Con los residuos, otro tanto. A un vecino de Múnich se le puede contar que recicla por el Ártico; a uno de Arafo o de Granadilla basta con enseñarle el mapa: una isla no tiene traspaís donde esconder sus vertederos, y cada tonelada mal gestionada se queda aquí, entre nosotros, a unos kilómetros de las playas de las que vivimos. Esa es, me parece, la gran lección pendiente de la política ambiental europea y canaria: se ha vendido el esfuerzo con promesas cósmicas —«recicla y salva el planeta», que es mentira por exceso— en lugar de con verdades domésticas: recicla porque tu isla es finita, electrifícate porque tu energía es carísima y ajena, cuida el litoral porque es tu despensa y tu nómina. Cuando la promesa es cósmica y el resultado invisible, el descreimiento crece solo. Cuando la razón es local y tangible, el esfuerzo se entiende sin sermones.

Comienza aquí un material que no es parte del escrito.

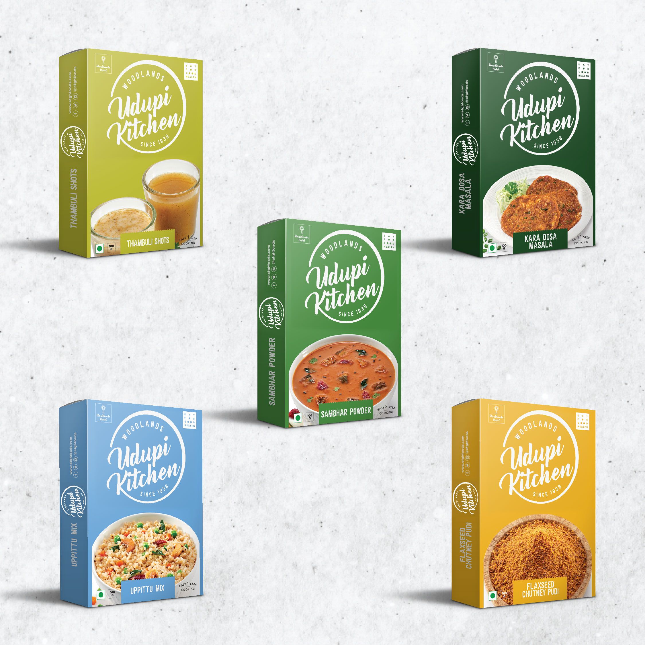 Sambhar Powder + Flaxseed Chutney Pudi + Uppittu Mix + Kara Dosa Masala + Thambuli Shots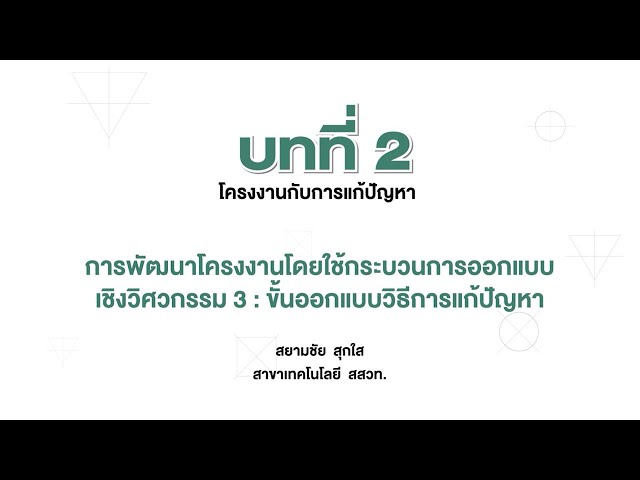 การพัฒนาโครงงานโดยใช้กระบวนการออกแบบเชิงวิศวกรรม 3 : ขั้นออกแบบวิธีการแก้ปัญหา (ช้างมิ่งพิทยานุกูล)

Así que no, no le diré a mi vecino que su enfado es egoísmo. Le diré que tiene razón en el diagnóstico y se equivoca en la receta. Que el reparto del esfuerzo es injusto y hay que pelearlo: en Bruselas, con aranceles y condiciones a quien no juegue limpio; y en casa, cargando menos al particular y más a quien tiene los medios. Pero que rendirse porque otros ensucian sería, en unas islas como las nuestras, el único lujo que de verdad no podemos permitirnos. La virtud no puede salir tan cara, cierto. La estupidez, en un territorio de dos mil kilómetros cuadrados rodeado de océano, saldría muchísimo más.